Another issue that I want to briefly touch on is commodities. I continue to believe that the "one market" effect of the liquidity driven mania that began at the 2002 low pushed everything into a bubble. Housing peaked first in 2005. Equities followed with their peak in October 2007 and commodities finally pushed into their top in July 2008 in accordance with my statistics surrounding the 3-year cycle, which I called perfectly in accordance with my statistical findings. Anyway, from these liquidity driven high points, the markets all pretty well bottomed in sync with one another in or near the March 2009 timeframe. Since those early 2009 lows, I have said that the advances we have been seeing have likely been bear market rallies and that I ultimately expect a deflationary outcome in association with K-wave winter. But, at the same, understand that this is not some stubborn belief that I'm clinging to just to be different. I've learned not to rule out anything and I will ultimately let my statistical data guide me once again.

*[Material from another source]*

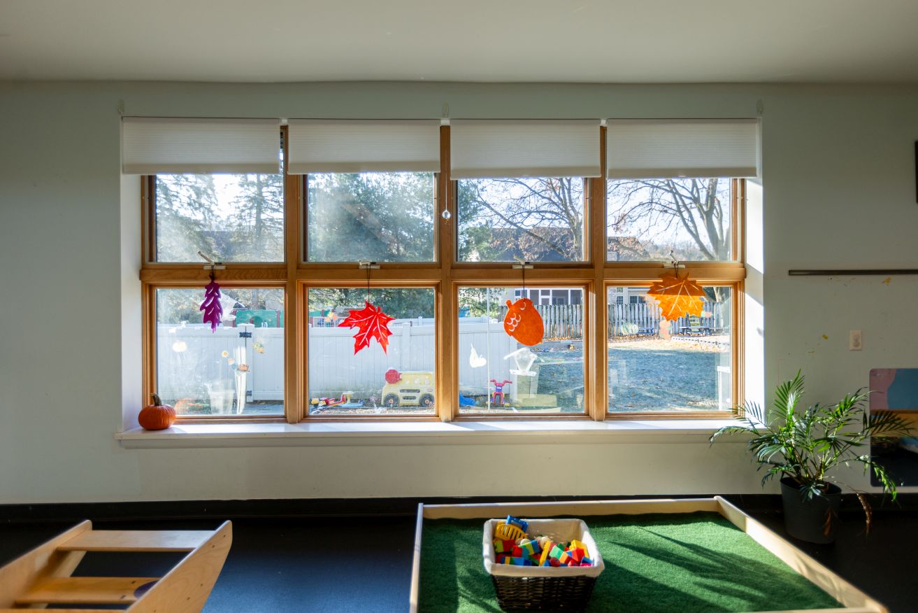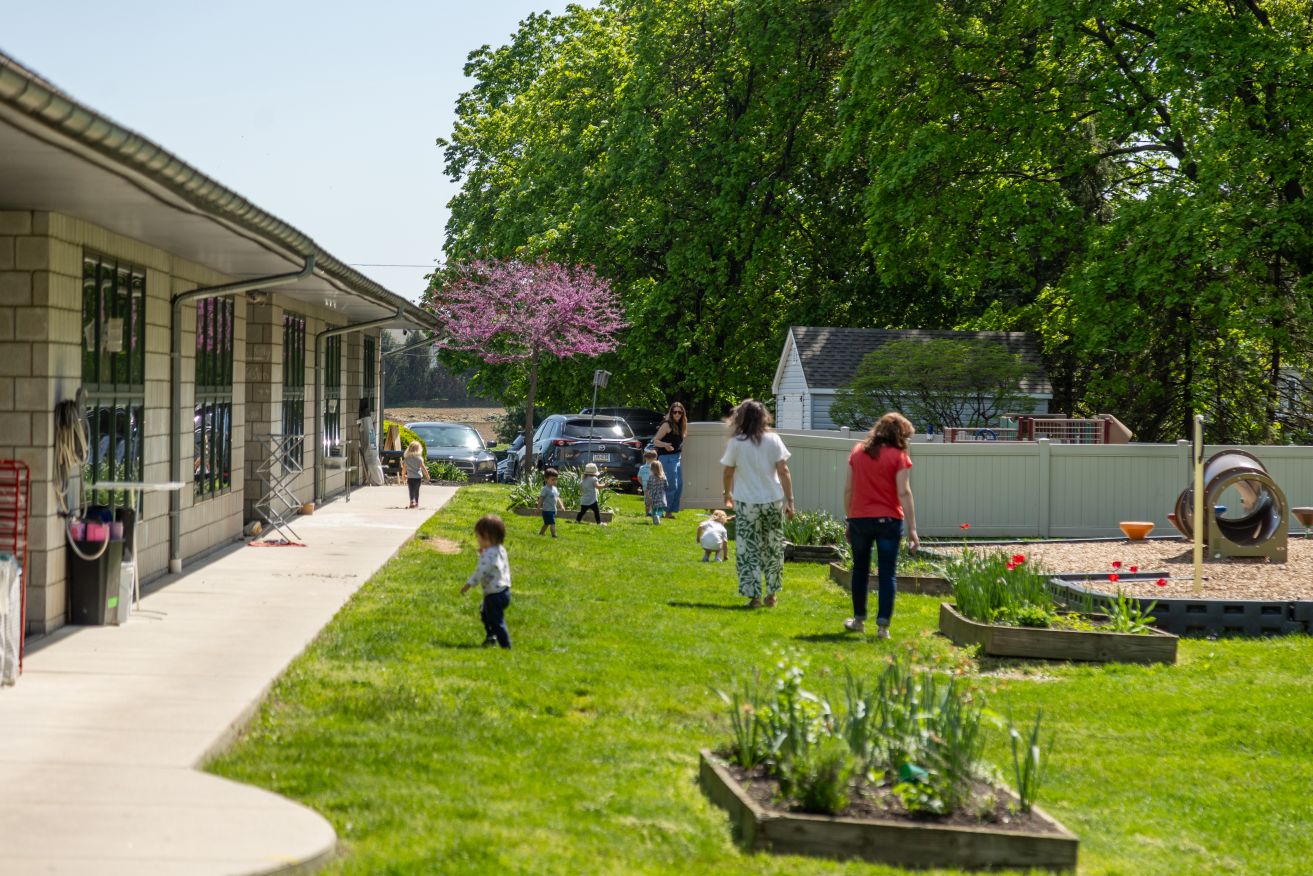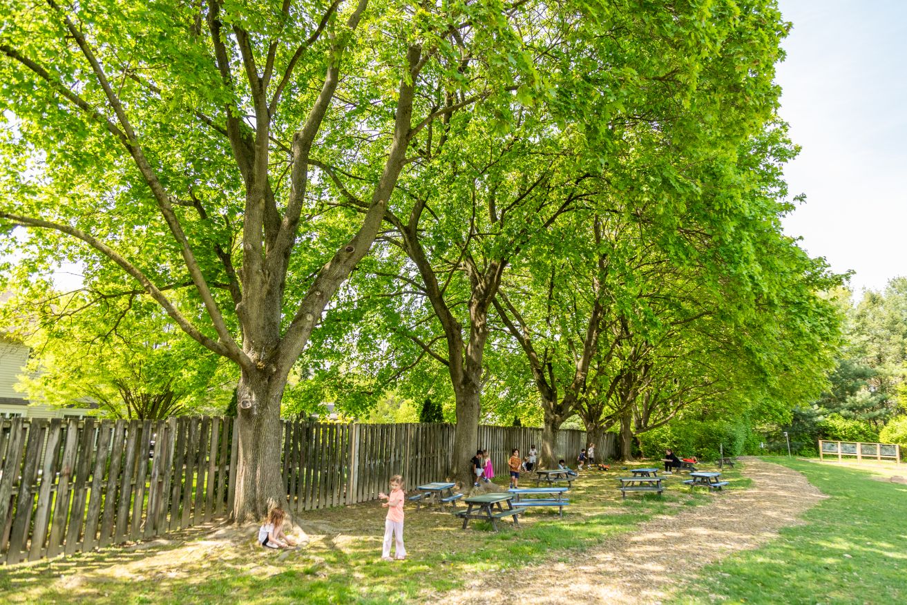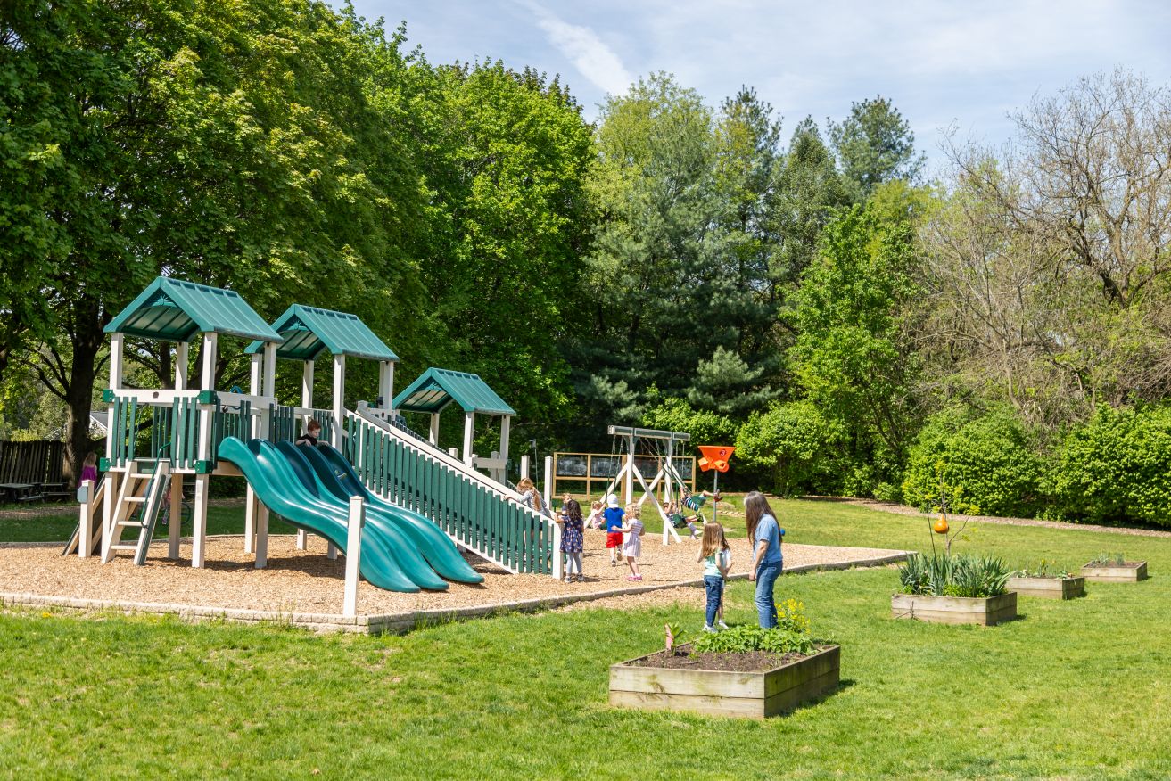 Our 10-acre nature-inspired wooded property includes a variety of outdoor spaces such as walking trails, shaded play spaces, art easels, classroom gardens, and an open meadow for exploring. We value open exploration, playful movement, and nature inspired observations – our outdoor space allows us to do all of this and more!

Now, with that all being said, 2010 should be the year that the great inflationary/deflationary debate should be settled or at least begins to be settled. Reason being, there are significant structural and cyclical events that will be coming together later this year in commodities, gold, the dollar, equities and even bonds. The outcome as we move forward into these statistical and cyclical crossroads will without a doubt be key. With commodities, the longer-term cycle of importance is the 3-year cycle. In 2008 I called the top of the commodity bubble simply following my statistical data and by watching and understanding the meaning of the "DNA Markers" that I have identified and that have historically marked significant tops for commodities in the past. A bit later in 2010 commodities will be moving into another of these statistically important windows and these details are monitored and discussed in the monthly issues of Cycles News & Views. My hunch is that price will set itself up once again in accordance with the statistical "DNA Markers" that have occurred at all major tops. If so, this should coincide with the tops of the bear market rallies that began at the March 2009 lows, the decline into the Phase II bear market and the return of the deflationary forces of K-wave winter. On the other hand, if price does not setup in accordance with these statistical hurdles and "DNA Markers" then that in turn could be setting the stage for the inflationary scenario to come to fruition. In either case, I will simply watch the statistics and let the market tell me how things set up. As we move further into 2010 these statistics will be extremely important as to which scenario unfolds.